The Government of Kerala established KERAFED in 1987 with the aim of assisting coconut farmers by procuring their produce and regulating marketing operations to address the price challenges they were facing

A production unit relating to the sector was created in 1991 to crush and market copra procured from the farmers at remunerative price to relieve the section of price crunch and to cater the edible oil requirement of the society by maintaining high quality standards.

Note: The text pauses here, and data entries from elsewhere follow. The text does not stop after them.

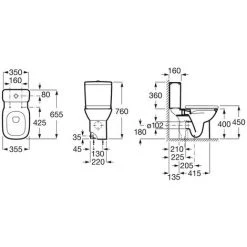 ROCA Pack WC Debba SQUARE S.H, 3/6L Cuvette Rimless Frein Chute – Blanc
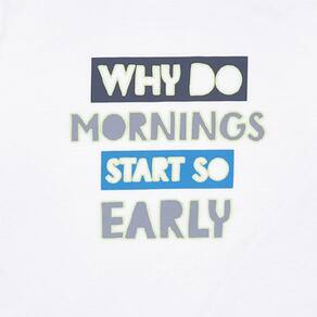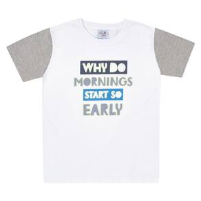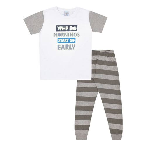 Para as noites mais fresquinhas de verão, aposte no nosso pijama baby listrado! Confeccionado em tecido meia malha, a camiseta na cor branca possuí as mangas na cor cinza e estampa com escrita “why do mornings start so early” (por que as manhãs começam tão cedo) e para deixar a peça ainda mais divertida a frase brilha no escuro. A calça possuí estampa rotativa com listras horizontais na cor cinza.\n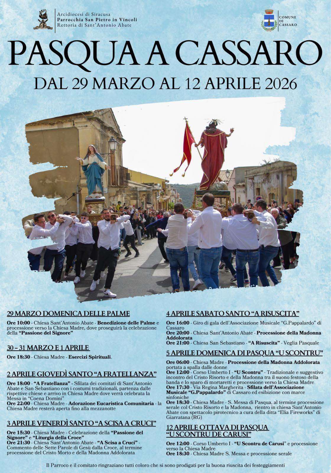 La mattina di Pasqua inizia con la statua dell’Addolorata, portata a spalla dalle donne, che percorre le vie del paese alla ricerca del Figlio. Il culmine si raggiunge a mezzogiorno su corso Umberto con “U Scontru”: la Madonna, vestita di nero, corre incontro al Cristo Risorto; al momento dell’incontro, il manto nero cade, simboleggiando la fine del lutto e la gioia della Resurrezione. Il tutto è accompagnato da spari di mortaletti, lancio di ‘nzareddi e dalla musica festosa della banda. La giornata si conclude con la Messa solenne in Chiesa Madre e la processione serale delle statue, seguita da spettacolari fuochi d’artificio. Una settimana dopo, la tradizione continua con “U Scontru de’ Carusi”, in cui i ragazzi del paese ripetono il rito pasquale con statue più piccole, rinnovando così il legame tra passato, presente e futuro. La Pasqua di Cassaro non è solo un evento religioso, ma un patrimonio culturale e identitario che unisce generazioni, mantenendo viva una tradizione secolare che continua a emozionare e coinvolgere chiunque vi prenda parte.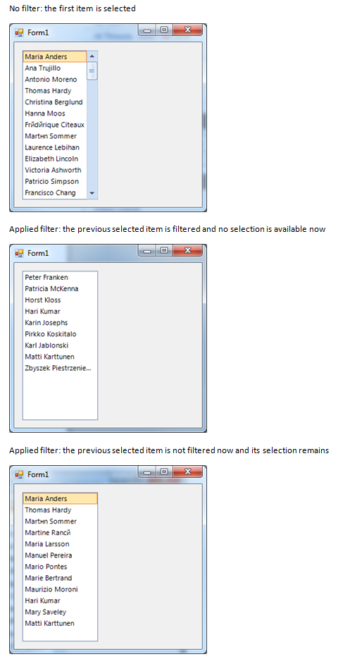 After initial loading of the RadListControl (DataSource property is set to Customers data table) the first item in the collection is selected -> normal behaviour. In case of applying a filter, no selection is available if the previous selected item is available in the filtered collection. Otherwise, the selection remains. Please see the attached picture. This is normal behaviour of RadListControl. If you want to remove the selection every time a filter is applied you may set the SelectedIndex property of the control to -1.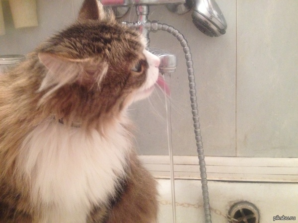 Старичок предпочитает пить только свежую воду из-под крана. Садится на стиралку и ждет, когда включат ему водичку, из миски не любит пить) P.S. Васе уже 13 лет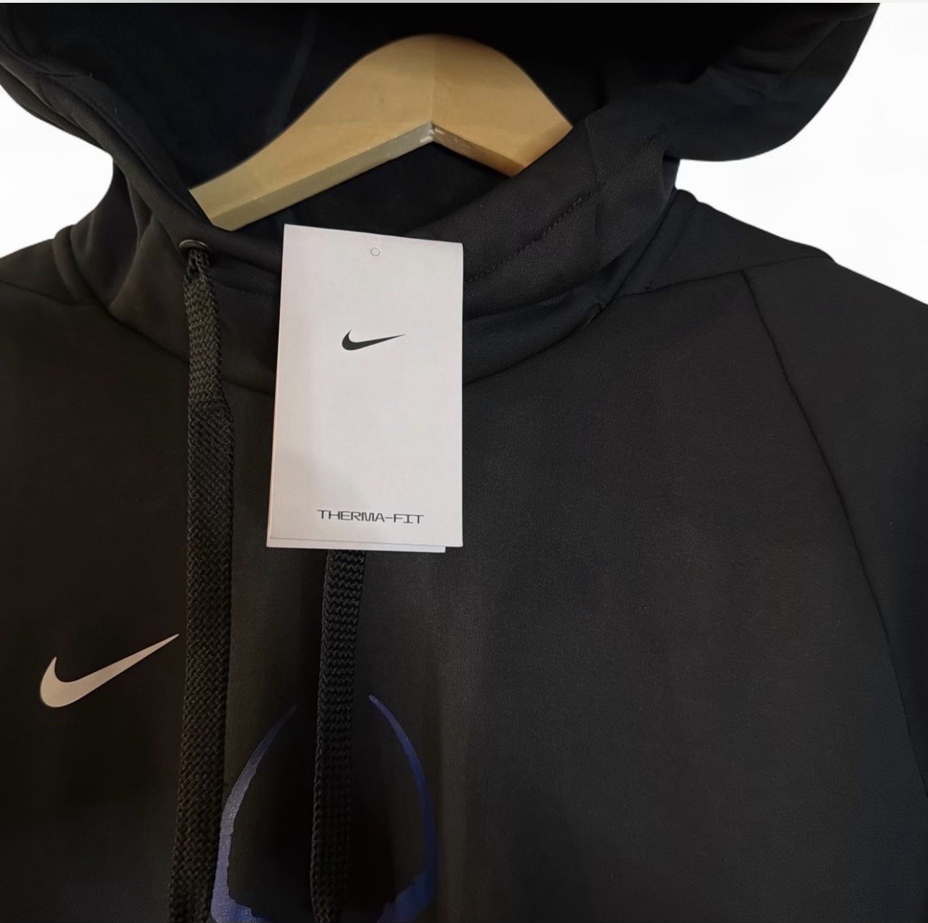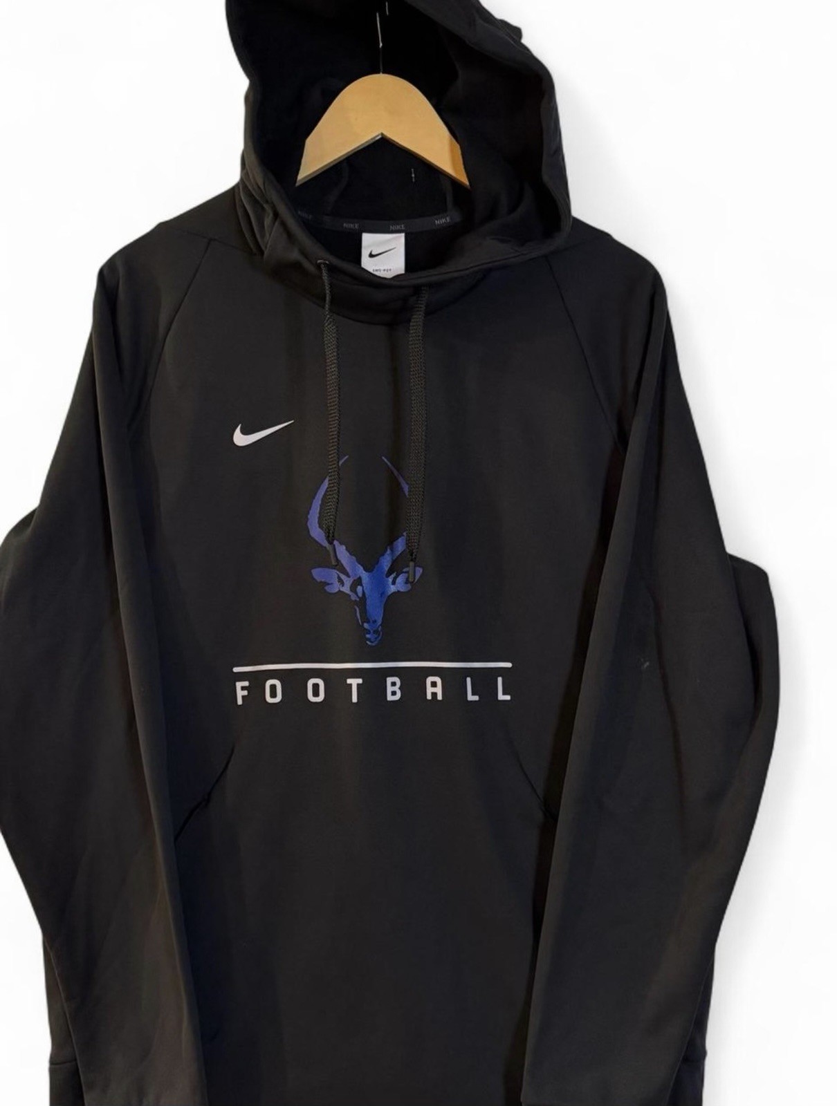 The Nike Therma Fit Kobe Bryant Hoodie Sweatshirt in football size L is a vintage style pullover featuring a drawstring closure, crew neck, and fleece fabric type. The hoodie showcases a graphic print logo accent, making it a stylish choice for men who enjoy outdoor sports activities like basketball, football, and running. Made from a combination of polyester and spandex, this heavyweight hoodie is suitable for all seasons and includes pockets for added functionality. With its classic black color and Nike Elite product line, this hoodie is a must-have for those looking for a comfortable and on-trend activewear piece.

During the financial year 2009–2010, KERAFED procured 24,500 metric tonnes of copra for its operations.

== Current operations ==
KERAFED has two expeller oil extraction facilities—one at Karunagappalli, Kollam and the other at Naduvannur, Kozhikode—and caters to about 500,000 consumers in Kerala through 14,000 retail outlets.

The oil complex in Karunagappalli, is the largest coconut oil mill in the sub-continent with an installed capacity of 20 tonnes per day (TPD) (7504 TPA, 2009–2010). The facility at Naduvannur provides a production of 7.5 TPD (2693 TPA, 2009–2010). Total production was about 10,000 metric tonnes during the year 2009–2010.

During this period, the facilities used 15,887 metric tonnes of copra and generated 5,111 metric tonnes of "pinnack" by-product.

== Products ==

Previous logo

"KERA" brand of coconut oil is sold in HDPE bottles of 100 ml, 200 ml and 500 ml; PET bottles of 1000 ml; and polythene pouches of 500 ml and 1000 ml.